Wednesday, May 18, 2016

Breath of Life

My heart is heavy tonight, burdened by the pains of others, but also filled with hope in the God of miracles. Two lives, thousands of miles apart, are both fighting to breathe due to lung problems. The first, a young woman, my friend Shelley, who received a double lung transplant a few months ago. She is now in the hospital facing some major unknown complications, fighting to breath on her own. Awaiting test results that might give bad news or worse news.
The second, tiny baby Elias, born at just 30 weeks, son of Pastor Eligio and Cinthia in Paraguay. His lungs aren't fully developed yet and he's in the ICU in an incubator. Tests being done each day to monitor his progress during this delicate situation.  These situations don't look so happy, but although my heart hurts for them, I have hope. Hope in my God. My God who does miracles. Whose timing and plans are perfect, though they are not always what we'd like to happen. A God who never leaves us, nor forsakes us. Who sees us in our victories and our pains. God sees you, Shelley. His beautiful daughter who He formed so perfectly. His plans for you are perfect, as is His timing. He knows exactly what is going to happen and is guiding each doctor there taking care of you. Your husband's sweet posts on Facebook have let me see a faith so genuine and loving and it's encouraged me so much. God sees you two and He loves you both. God sees you, Elias.

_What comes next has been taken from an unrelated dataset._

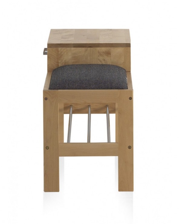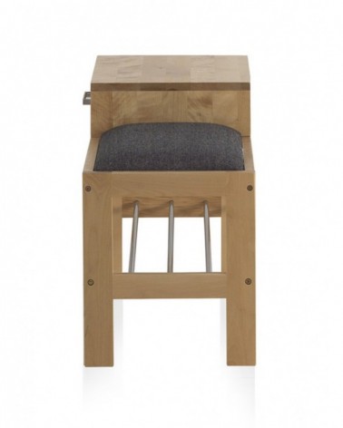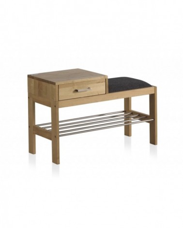 Banco-zapatero con cajón y área acolchada. Tirador y barras de metal. Fácil mantenimiento de uso. Limpieza con un paño húmedo con agua y jabón, evitando el contacto con solventes aromáticos, halogenados y cetonas. Recomendado para uso interior.

His tiny baby son, so sweet. He formed each little finger and each little toe. He is building your body cell by cell, little by little, as you learn how your body works and what to do with it. He's watching over your doctors, giving them the knowledge of how to coach your lungs into doing their thing. He's watching your loving mommy and daddy and holding them close during this time of such uncertainty. He loves the three of you and He sees you in your time of need. Oh Lord. I love you and I have faith that you will do miraculous things in both these situations. Please comfort Shelley and Elias and their families. Guide the doctors' hands and minds as they perform procedures and tests and give diagnoses.  May Your healing hand be upon Shelley's new lungs and her whole body, releasing her of her pain and any infection or rejection she may be facing. May they also be upon sweet Elias. On his tiny little body, still developing and growing. You as His Creator, Father. You know how each little cell functions and you know how to help his lungs breath. You breathed the breath of life onto these sweet children of Yours, Father. Now help them to breath on their own.

Thursday, December 10, 2015

So I wait.

Two big, black duffel bags.
Exactly 50 pounds each.
Ready for a 4,000+ mile journey.

...Fast forward 22 months...

Two big, black duffel bags.
Almost 50 pounds each.
Resting from the 4,000+ mile journey.
Colorful duct tape caring for the wounds inflicted by their travel. 

And here I am.
Back "home."

Or at least, that's what they tell me.
"It's so good to have you home."

~~


HOME.

That silly word again.

I'm not sure how I feel about it this time. 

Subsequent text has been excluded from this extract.